Hi, I'm a little wary regarding this problem. I'm pretty sure I'm doing it right but would appreciate it if someone verified my solution. The question is:

The perimeter of a right triangle is 60 cm. The length of the hypotenuse is 6 cm more than twice the length of one of the other sides. Find the lengths of all three sides.

So here' what i did.
Let one side of the triangle be x, let the other be y
60 - x - (2x+6) = y
(54-3x) = y

a^2 + b^2 = c^2
So X^2 + (54-3x)^2 = (2x+6)^2
After expanding i got
6x^2 - 348x + 2880 = 0
Using the quadratic formula, I got 10, 48.

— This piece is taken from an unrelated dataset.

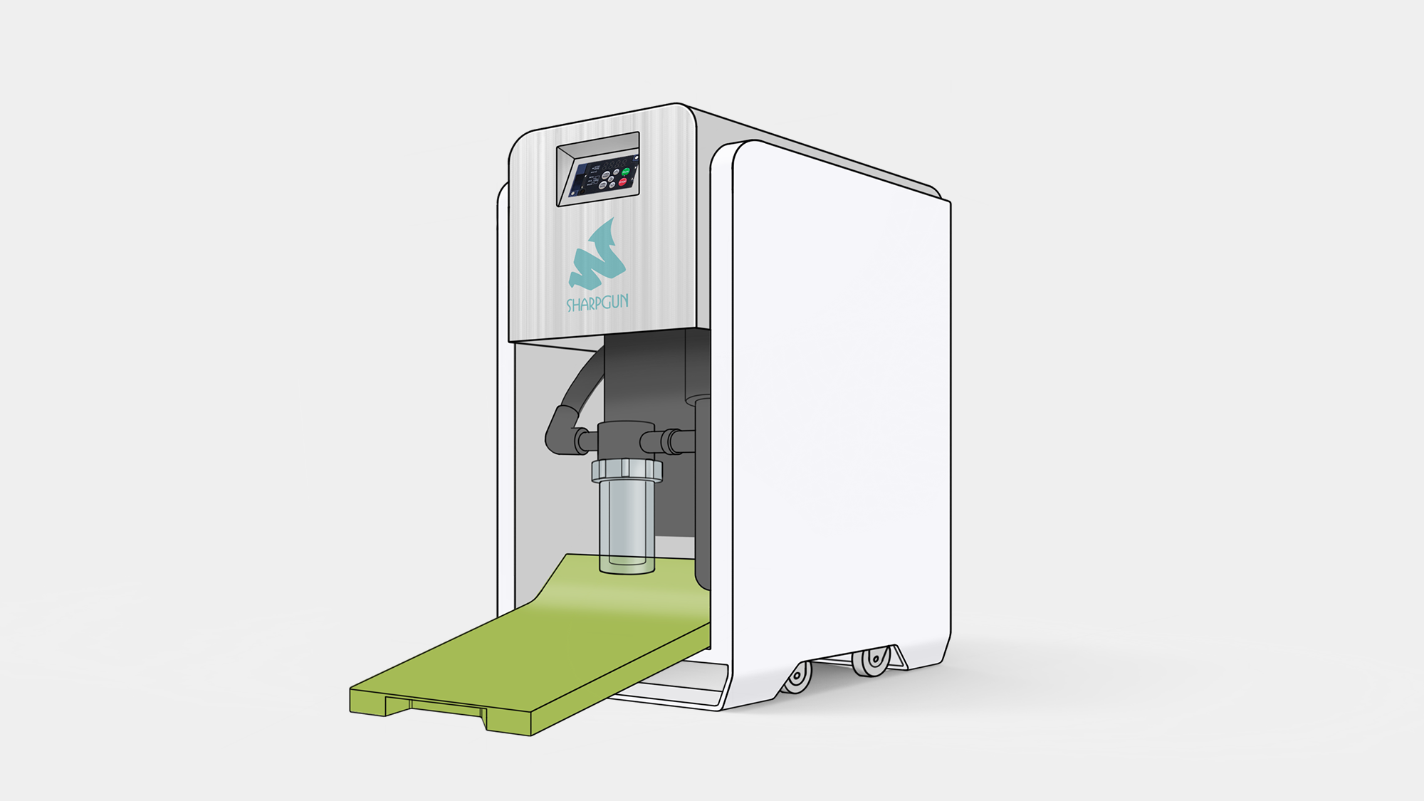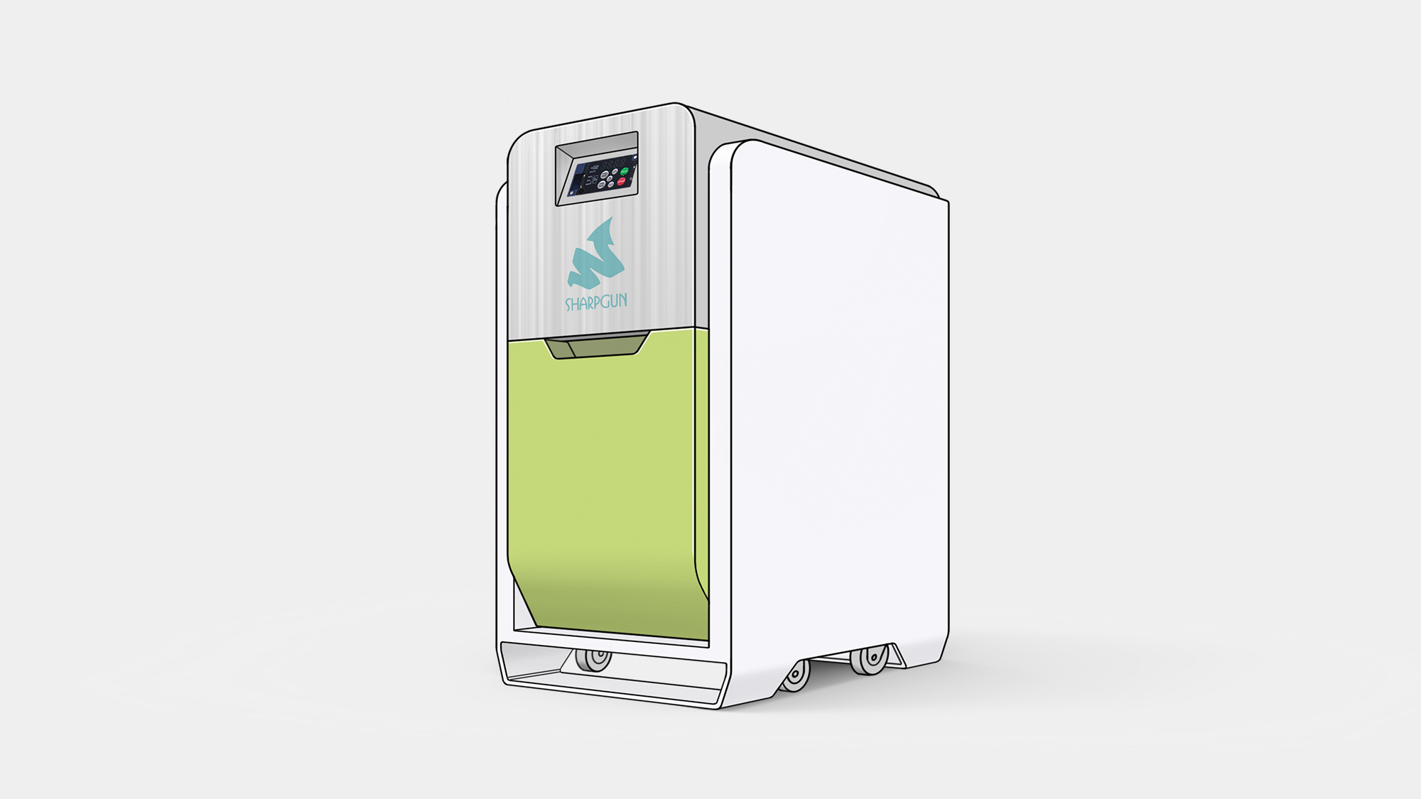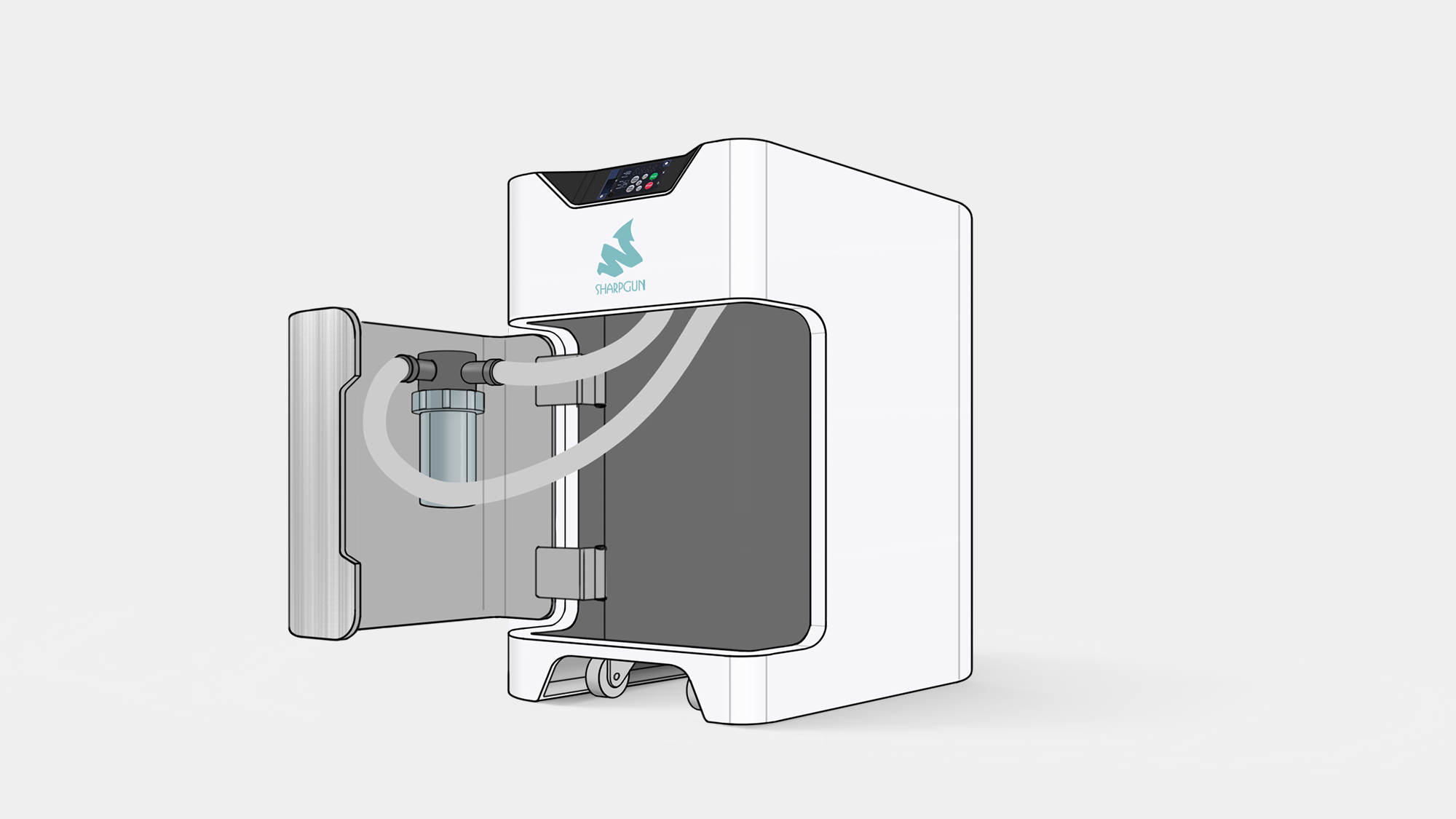 在元大牙科吸唾機的 3D 階段,形碩設計將研發重心鎖定於診間維修效率的提升與電子元件的模組化整合。我們針對牙科機房狹小且潮濕的環境特性,重新定義了板金門板的開啟邏輯,並透過一體化按鍵設計簡化組裝流程,確保每年 300 台的量產計畫能達到最高的一致性與品質穩定度 。

Choosing 10 as the best answer for x and solving for y. I got the following at my answers:
10, 24, and 26 as the sides of the triangle. Is my approach correct?

THANKS!

Originally Posted by demo1

Hi, I'm a little wary regarding this problem. I'm pretty sure I'm doing it right but would appreciate it if someone verified my solution. The question is:

The perimeter of a right triangle is 60 cm. The length of the hypotenuse is 6 cm more than twice the length of one of the other sides. Find the lengths of all three sides.

So here' what i did.
Let one side of the triangle be x, let the other be y
60 - x - (2x+6) = y
(54-3x) = y

a^2 + b^2 = c^2
So X^2 + (54-3x)^2 = (2x+6)^2
After expanding i got
6x^2 - 348x + 2880 = 0
Using the quadratic formula, I got 10, 48.

Choosing 10 as the best answer for x and solving for y. I got the following at my answers:
10, 24, and 26 as the sides of the triangle. Is my approach correct?

THANKS!

Hi demo1,

You did good!

I'm so glad! Thanks for confirming my answer.